What do you call numbers which can only be written as a fraction? Strictly rational numbers?
>>8449103
Fractions can be written as decimals so I guess you mean the empty set.
[math]\mathbb{Q} \setminus \mathbb{Z}[/math]?
>>8449103
Rational numbers.
That's the word.
>>8449103
Not a valid set definition
Non-integer rationals.
Fractions
>>8449118
products of a bunch of different p-power roots of unity.
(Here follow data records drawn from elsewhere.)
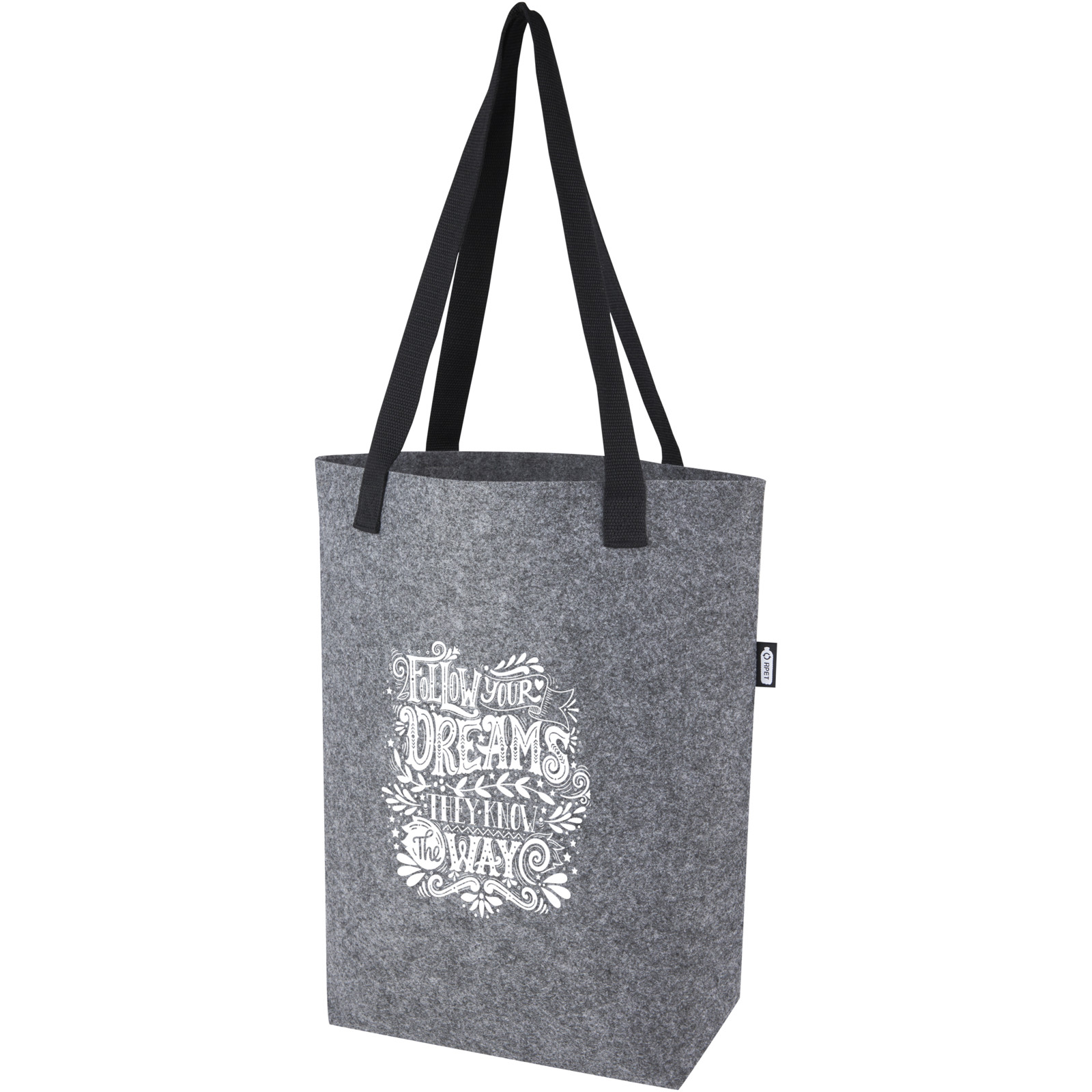 Praktische Tragetasche aus weichem und strapazierfähigem GRS-zertifiziertem, recyceltem Filz. Mit langen gewebten Baumwollgriffen (30 x 2,5 cm) für optimalen Tragekomfort und einem extra breiten Boden für maximalen Stauraum.
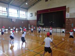 今日は3年生と4年生が合同で体育館で練習をしました。
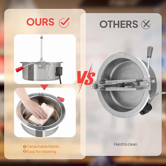 - ✔ Large Production & Easy Cleaning: 10-ounce kettle can make up to 4 gallons of popcorn per batch to satisfy large demand. Detachable design for easy cleaning after use. NOTE: Please allow at least 1 hour for the kettle to cool down before cleaning
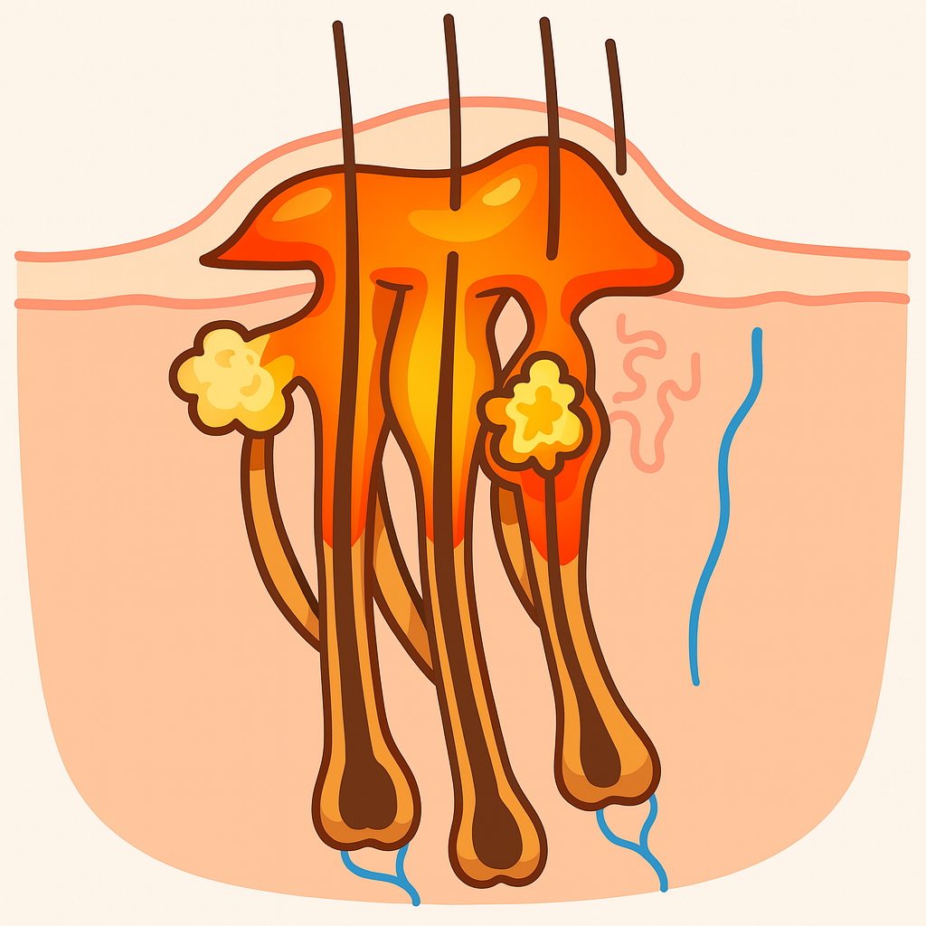 جوش‌هایی که جمع می‌شوند و کفگیرک تشکیل می‌دهند، معمولاً به صورت برآمدگی‌های قرمز و دردناک شروع می‌شوند. کفگیرک پر از چرک می‌شود و نوک‌های سفید یا زرد رنگی ایجاد می‌کند که ترشح می‌کنند، ترشح می‌کنند یا پوسته می‌دهند. در طول یک دوره چند روزه، بسیاری از کفگیرک‌های درمان نشده پاره می‌شوند و مایعی سفید یا صورتی مایل به کرم از آنها خارج می‌شود.

But I think he means [latex]\mathblackboard{Q}-\mathblackboard{Z}[\latex]
>>8449848
[math]\mathbb{Q} - \mathbb{Z}[/math]
>>8449111
>Fractions can be written as decimals
L0Lno fgt pls
write [math] \frac{1}{17}[/math] as a decimal number
>>8450898
0.(0588235294117647)
fuck your period 16 repeating decimals
>>8450898
fite me
>>8449103
First of all, these numbers don't make any sense except if you restrict yourself to a base. 1/3 can be written with finite digits in base 12 for example.
Now in base 10, the numbers which are rationals and can be written without fractions, that is with finite digits, are simply written as n/ 10^m with (m,n) being integers.. So you take the set of these numbers and remove it from Q.